[ntp:questions] Using two NTP Server: Bad?
David L. Mills
mills at udel.edu
Fri Apr 22 17:35:39 UTC 2011
See the "How NTP Works" page in the current online documentation at
ntp.org. Pay particular attention to the description of the selection
>On Fri, 22 Apr 2011 15:19:31 GMT, unruh
><unruh at wormhole.physics.ubc.ca> wrote:
>>On 2011-04-22, Roger <invalid at invalid.invalid> wrote:
>>>On Thu, 21 Apr 2011 09:32:21 -0400, "Richard B. Gilbert"
>>><rgilbert88 at comcast.net> wrote:
>>>>One server: if it fails you have nothing!
>>>>Two servers: If the two differ, which one do you believe?
>>>>Three servers: degenerates too easily to the two server case.
>>>>Four servers: Allows the failure of one server.
>>>>Five servers: Allows the failure of two.
>>>>Seven servers: Allows the failure of three.
>>>I've seen these number quoted before and I don't understand
>>>the last one.
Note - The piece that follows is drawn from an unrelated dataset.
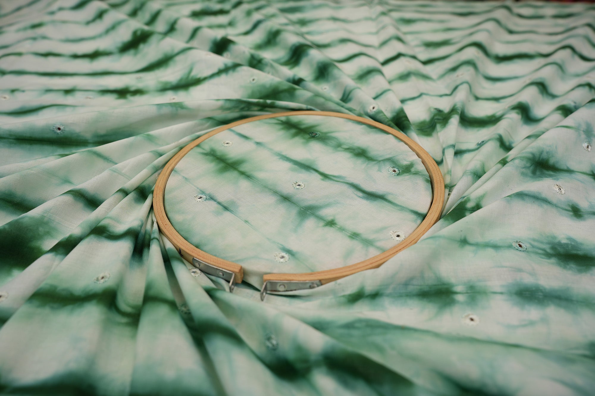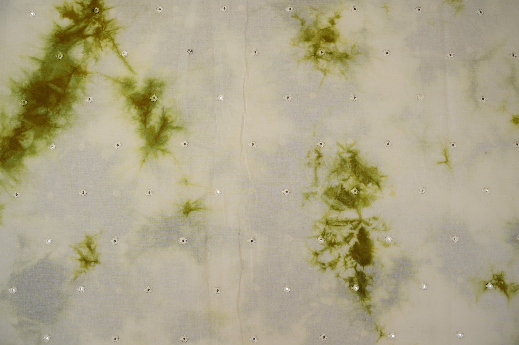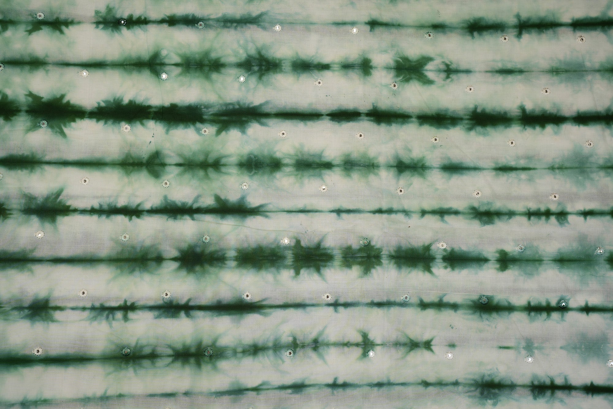 Sky Blue Green Abstract Pure Chanderi Fabric

Why doesn't 6 allow for the failure of 3? Why
>>Because 3-3 is a tie and the system cannot decide which is best. Ie by
>>failure, read "bad timekeepers". If 3 fail-- ie stop responding to
>>packets, 6 is pleanty. 4 would be enough. But if they fail by delivering
>>the wrong time, and all three deliver the same wrong time (say because
>>all three are in Chicago and all three used a cell phone system to set
>>the time and .... ) then you have a tie.
>>It starts to get a bit absurd, I know.
>Thank you, and David and Dave.
>I hadn't thought about a 3-3 tie. I hadn't even considered that
>that might happen. But if that is possible then so is a 2-2 tie
>with 4 servers. Ho hum, nothing is perfect in this life.